In 1998, filmmaker Robert Rodriguez obtained the film rights to Madman. He maintained collaboration with Allred throughout the on-and-off preproduction. In a 2000 interview, Allred mentioned that he had been in contact with Robin Williams for the role of Dr. Flem. Remarks from Rodriguez and Allred about finalizing the script and moving to casting and filming were made as late as 2010, though full production on the film never commenced.

In 2015, Allred indicated on Twitter that the rights to Madman had reverted to him, and in September 2019 has stated that he prefers to focus on comics rather than film or television adaptations for the time being.

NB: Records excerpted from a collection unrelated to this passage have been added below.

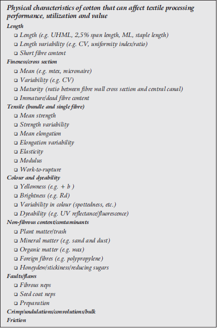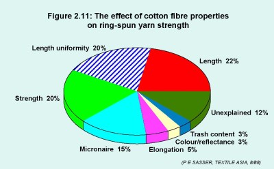棉纤维正面临着来自人造纤维,特别是聚酯纤维的竞争。棉花是一种天然产品,广泛的纤维特性、物理和化学(主要是物理),由于遗传、环境、收割、轧花因素。基本上有四种:媒体商业化种植的棉花纤维长度和中细棉花,美国陆地(约占全球棉花产量的90%);长绒棉和细棉;而短的粗棉和G.草棉(统称为德西棉)。物理,化学和棉花相关的特征,包括类型和非纤维物质存在的纤维配置数量”(准备、棉结等),确定其纺织加工性能和行为,在处理废物和效率方面(包括机器停工和纺纱断裂)和纱线和织物的质量(见图2.10和2.11)。终这些特性也决定了转换成本和产品终用途,价格和质量。
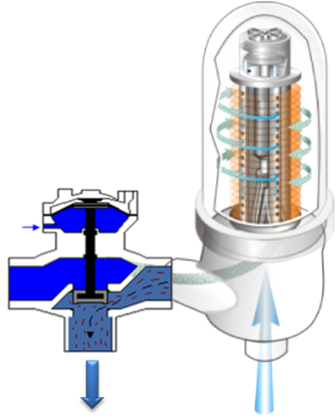 當盤式過濾器疊片之間的溝紋累積大量雜質后,進出口壓差達設定值時(高報警),三通閥門改變過濾單元中水的流向,盤片被頂開,過濾過程中的小孔隙被打開。位于疊片中央的噴嘴沿切線噴水,使疊片旋轉,在水流的沖洗與疊片高速旋轉下,截留在疊片上的固體物被沖洗出去。然后活塞再次下壓疊片,回復過濾狀態(tài)。當反沖結束時,水流方向再次改變,疊片再次被壓緊,系統(tǒng)重新進入過濾狀態(tài)。
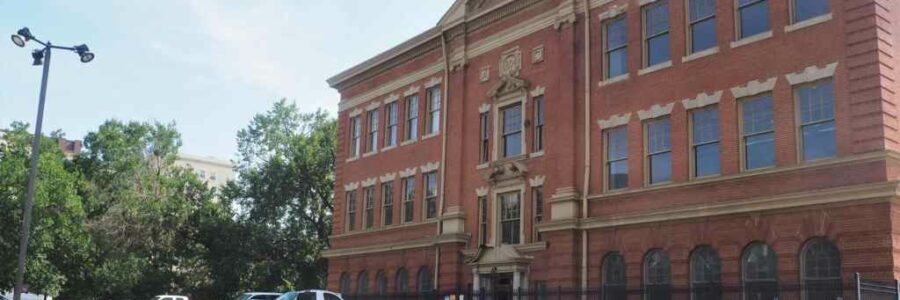 That site, just north of the Evans School, is currently a parking lot. Across the street is the Denver Art Museum.
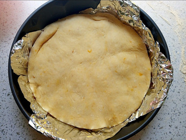 Пока тушатся яблоки, подошедшее тесто раскатайте в круг по диаметру формы.
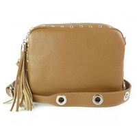 Włoska kopertówka listonoszka biglówka Vera Pelle złote okucia łańcuszek Camel LKB35C
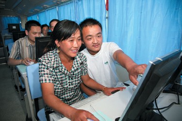 信息大篷車上,農(nóng)村學(xué)員興致勃勃地學(xué)習(xí)上網(wǎng)。 王萬隆
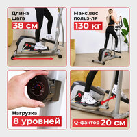| Особенности конструкции | компенсаторы неровности пола, противоскользящее покрытие, регулировка длины шага, рычаги для рук, транспортировочные ролики/колеса |
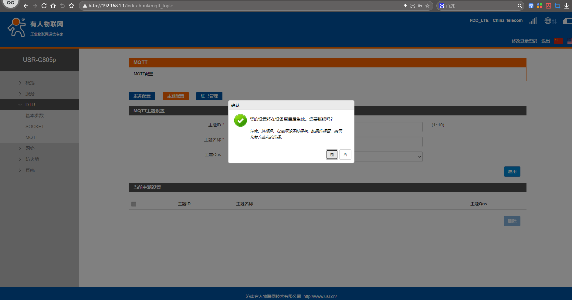 網(wǎng)頁點擊MQTT,點擊主題配置,主題ID設(shè)置1,主題名稱/i4u4VIKvRXf/USR-G805p/user/get,主題Qos填0。點擊應(yīng)用。
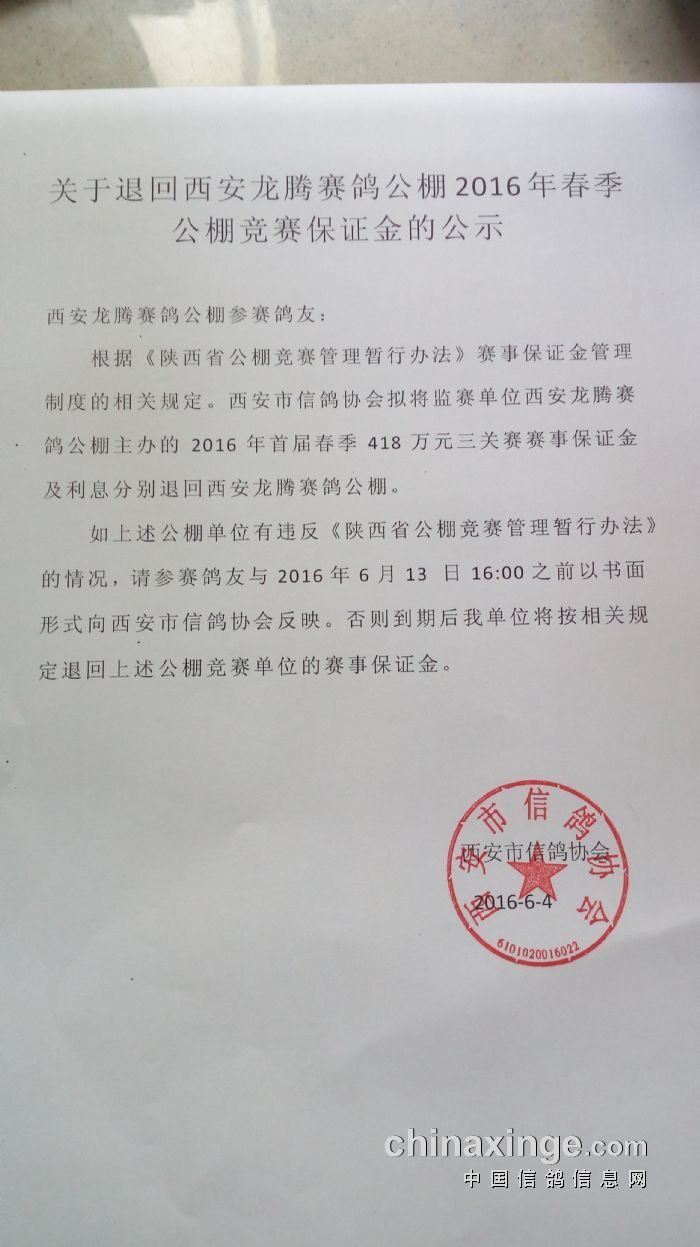 关于退回西安龙腾赛鸽公棚2016年春季公棚竞赛保证金的告示
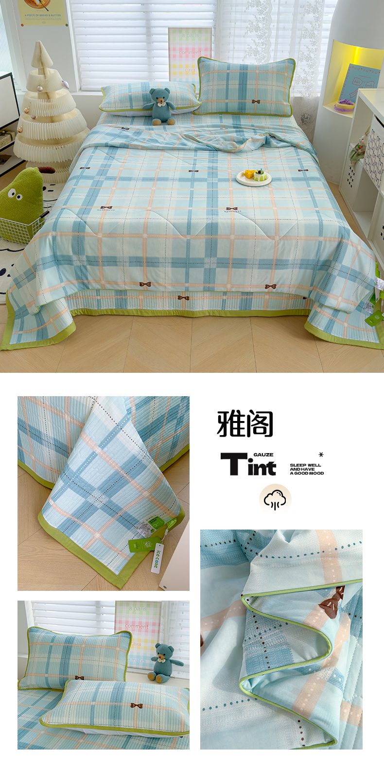 (总)赫梵茜 2025新款经典小格纹云朵棉格子款学生床盖单品床盖床盖单件三件套,组合图仅做展示,绿格,粉格,青绿,黄格,黑格,蓝格,紫格
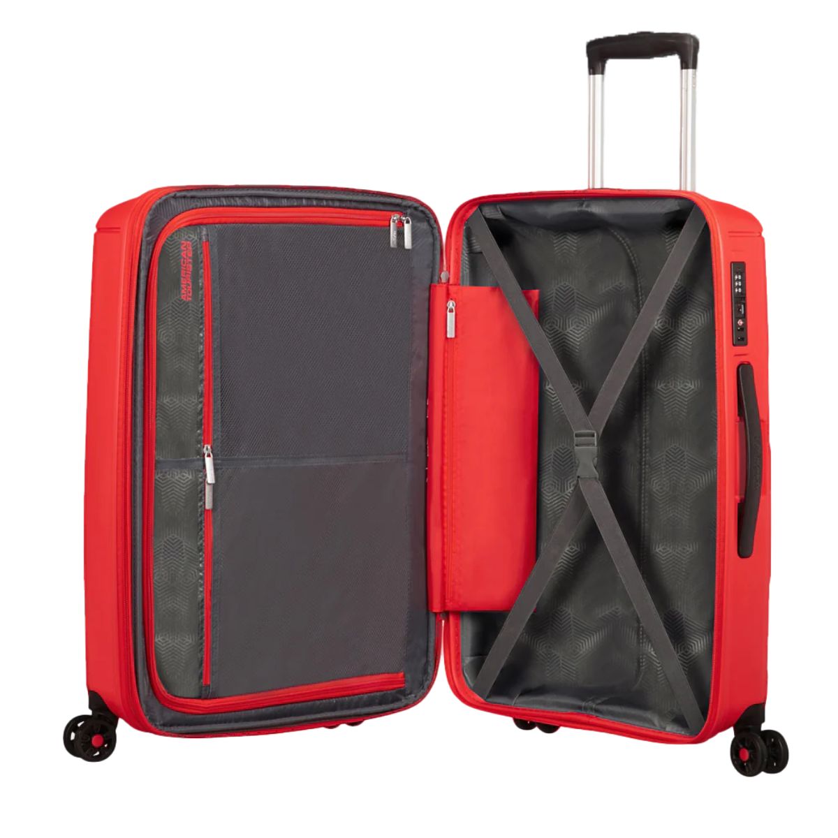 ¡Despierta tu espíritu aventurero con la maleta mediana de la colección Sunside Sunset en vibrante color rojo de American Tourister! Su tamaño te brinda amplio espacio para tus pertenencias, mientras que su cubierta dura te garantiza una protección impecable. Con su panel divisor de malla, bolsillo con cierre y cintas elásticas cruzadas, mantén todo organizado durante tus viajes. Además, su spinner de 8 ruedas te permite desplazarte sin esfuerzo y el candado TSA te entrega la tranquilidad de tus objetos. ¡Prepárate para vivir experiencias únicas con la maleta mediana de American Tourister!
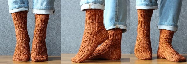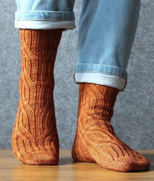 Вязаный носки CoralReef с привлекающим взгляд смещающимся узором резинкой, который имитирует переплетающиеся косы, но на самом деле вяжется с простым и продуманным размещением прибавок и убавок петель.
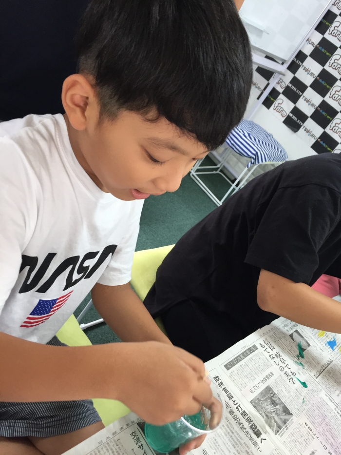 薬品を使うということで、事前に子供達にはしっかりと注意事項を伝えてから始めています。みんな真剣な表情で静かに聞いてくれていました。
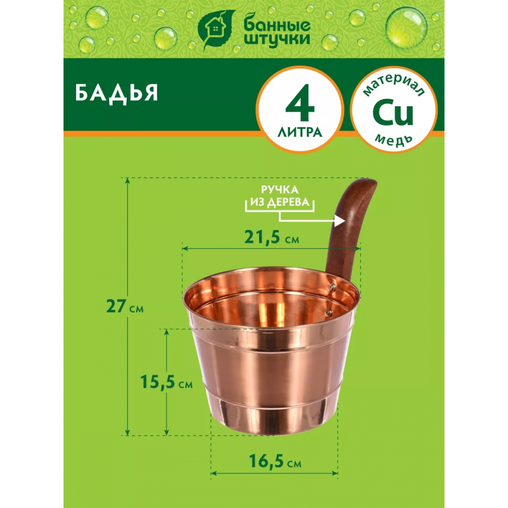 Интернет магазин Pechkoff.by предлагает купить Бадья из меди 4л Банные штучки арт. 32029 в Минске, Гомеле, Могилеве, Витебске, Гродно, Бресте с доставкой.
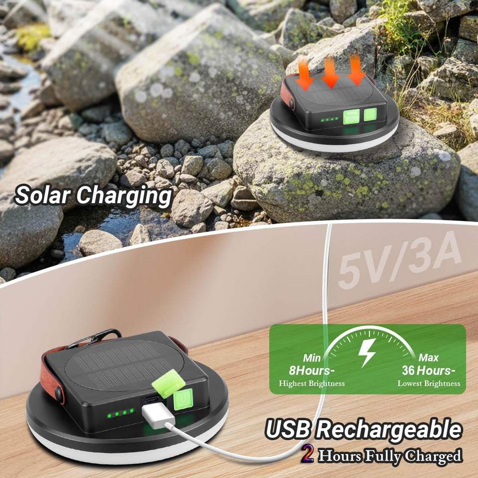 ไฟแคมป์ปิ้งพลังงานแสงอาทิตย์ความสว่างสูง 45W 4000LM LED IP66 กันน้ำ ชาร์จไฟได้ ใช้แขวนในเต็นท์ ใช้ในกรณีไฟดับฉุกเฉิน
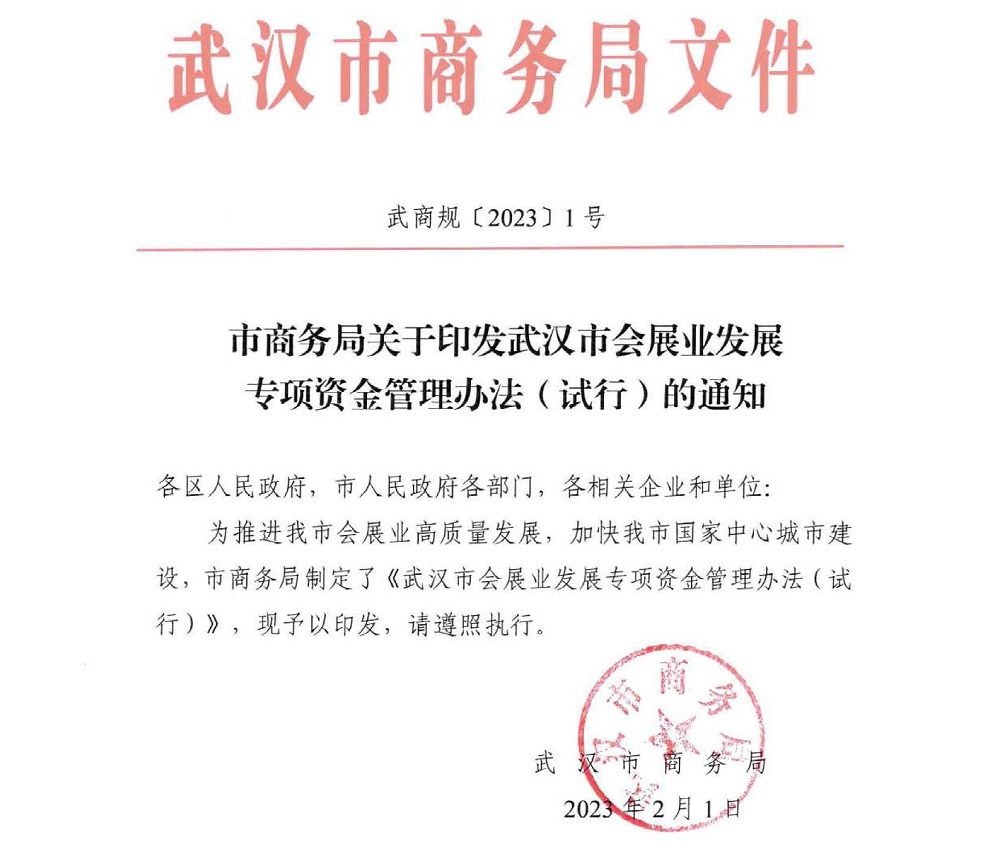 近日,《武漢市會展業發展專項資金管理辦法(試行)》出臺。《辦法》共制定7章共20條政策措施,進一步支持武漢國際消費中心城市和國家會展名城建設。
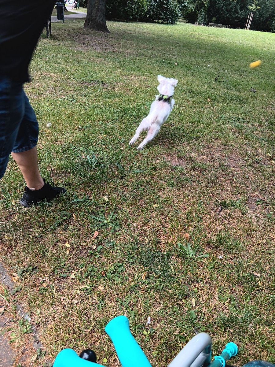 No tyhlety výlety, kdy si jdeme jen my dvě, začínají u ní vypěstovávát závislot na mé osobě. Dneska jsem jí předala muži, aby s ní šel on a já mezi tím “ulovím” v Lidlu něco k večeři a nejdřív odmítla vůbec jít a nakonec jsem koukala ve zpětném zrcátku, že se snaží běžet za autem a mého dvoumetrového muže táhnout…no on ale fakt s ní kousek běžel, což je teda úkaz, kterému by asi nikdo neuvěřil. Není běhací typ 😄. Přitom tahle situace, dojdu k muži do práce s Malinou, vezmu si auto a on jde domů se psem, není u nás nic tak vzácného, minimálně jednou do měsíce to proběhne, takže pro Malinu normální situace. Takže mě to i dneska překvapilo, jak se rozhodla, že teda beze mě nikam…

===View Askewniverse appearances===
Allred did the artwork for the fictional Bluntman and Chronic comic in the film Chasing Amy (in which he appears in a cameo as himself). The pages were collected as part of the film's published screenplay, and Madman can be seen in one panel beneath the light of the "blunt signal." In the Chasing Amy DVD commentary, Ben Affleck and Kevin Smith state that in one take the character can be seen reading Madman, and that in more than one take Ben Affleck describes Madman as "a classy book." In Smith's Dogma, a Madman action figure can be seen on the shelf of a toy store aisle.

===Action figure===
Madman's first action figure was released in 1998 in the "Big Blast" toy line from Graphitti Designs. The figure came in classic white with a red lightning bolt, as well as a black-suited variant with yellow accents and lightning bolt. Wizard Entertainment offered a variant of the Madman Big Blast toy without his traditional mask, showing Frank's face. Other toys in the line included Matt Wagner's first Grendel (Hunter Rose), Kevin Matchstick from Mage, and Christine Spar as Grendel. Madman appears as part of the first wave of the Legendary Comic Book Heroes action figure series in 2007, along with Judge Dredd, Savage Dragon, and Sara Pezzini of Witchblade. In 2014, a Madman figure was released through an Amazing Heroes Kickstarter campaign.